5G rollout (2022-25): 4.7 lakh towers covering 99.6% districts.

Massive Digital Empowerment

PMGDISHA: Trained over 6.3 crore citizens in digital literacy.

Common Service Centres (5.3 lakh) serve as ICT hubs in 2.5 lakh Gram Panchayats.

Financial and Payment Revolution

UPI: Handles 85% of India’s digital payments, processing (June 2025). Enabled financial inclusion of 491 million individuals and 65 million merchants.

e-Governance and Inclusion

UMANG: 2,300+ services in 23 languages; 8.7 crore users.

DigiLocker: 56 crore users; promotes paperless governance.

Jan Soochna Portal (Rajasthan): Promotes proactive transparency.

Way Forward

Strengthen Digital Infrastructure: Accelerate BharatNet Phase-II to connect all Gram Panchayats

Enhance Digital Literacy: Expand PMGDISHA and integrate digital literacy in school curricula (e-Kidz, IT clubs).

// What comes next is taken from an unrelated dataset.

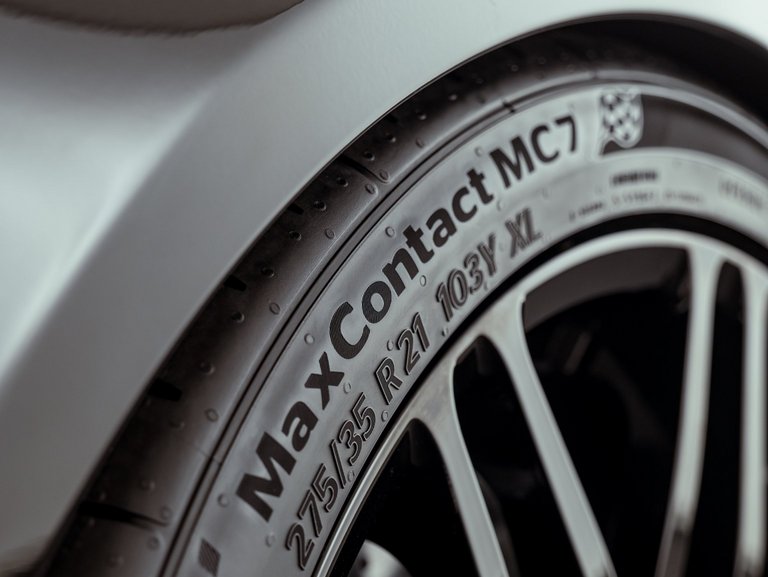 Der neue MaxContact MC7 von Continental verbindet durch die auf Leistung ausgelegte Sport+-Technologie maximale Kontrolle mit dynamischer Lenkpräzision. Dank der einzigartigen Makroblock-Struktur für Stabilität in Kurven und dem ReFlex-Design zeichnet sich der Hochleistungsreifen durch hervorragende Anpassungsfähigkeit und festen Grip auf der Straße aus. Durch eine breite Aufstandsfläche wird die Kraft erfolgreich auf andere Teile des Reifens verteilt. Dies ermöglicht selbst bei sehr hohen Geschwindigkeiten – das Brabus-Modell 750 Bodo Buschmann Edition „1 of 25“ schafft Höchstgeschwindigkeiten von 315 km/h – ein feineres Handling und außergewöhnliche Stabilität in scharfen Kurven. Lasergeschnittene 3D-Lamellen verbessern Grip und Bremsverhalten bei Nässe und Regen. Wasser, das durch die Reifenrillen fließt, wird schnell abgeleitet, sodass das Aquaplaning-Risiko sinkt. Die Silica-Technologie in der ReFlex-Mischung ermöglicht kürzere Bremswege sowohl auf trockener als auch auf nasser Fahrbahn.

Affordable Access: Subsidize data costs and promote public Wi-Fi hotspots (PM-WANI) in rural regions.

Promote Local Language Content: Use platforms like BHASHINI for vernacular digital inclusion.

Encourage PPP Models: Collaborate with private sector for last-mile connectivity and training. Eg- CSC-SPV.

Inclusive Design: Ensure gender-sensitive and community-based ICT training modules.